A ship on course of 253° T at 14 knots. At 2329 a lighthouse was observed bearing 282° T. At 2345 the same lighthouse bears 300° T. Find the ship’s distance off the second bearing and when abeam?


Given:

              Course = 253°
               Speed = 14 knots
     First Bearing = 282°
 Second Bearing = 300°

Find:
             A.) Ship’s distance off the second bearing
             B.) Ship’s distance when abeam

Solution:

1. Find first Angles  A, B, C:

       a.)Co = 253° T
        Brg1 = 282° T 
    Angle A = 29° R

      b.) Co = 253° T
         Brg2 = 300° T
     Angle B = 47° R

     c.) Angle B = 47° R
          Angle A = 29° R
          Angle C = 18° R 

2. Then solve for AB (Distance Run Between 1st & 2nd Observation)
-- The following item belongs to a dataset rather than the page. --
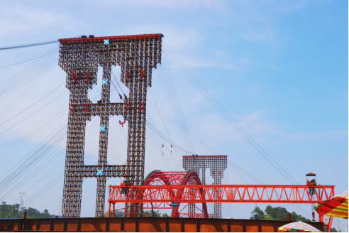随后,在项目部周总工带领下,调研小组成员参观了钢板加工场、塔架等施工场地,深入学习了钢箱梁模板预制、塔架搭设等具体施工、控制工艺。参观过程中,调研小组成员纷纷提出对大桥建设过程存在的疑问,并与总工积极地交流学习。

               AB = ( Time 2 – Time 1 ) x Speed
                     = ( 2345 – 2329 ) x 14 knots
                     = 16 minutes x 14 knots
                AB = 3.73 nautical miles

 3. Solve for Distance off at second bearing (BC): (By SINE Law)

                BC = Sin A x AB 
                              Sin C
                 BC = Sin 29° x 3.73
                              Sin 18°
                 BC = 5.9 nautical miles (Distance off at 2nd bearing)

4. Solve for Distance at Abeam (CD) : (By SOH – CAH – TOA)

                CD = BC x Sin B
                CD = 5.9 x Sin 47°
                CD = 4.3 nautical miles ( Distance at Abeam)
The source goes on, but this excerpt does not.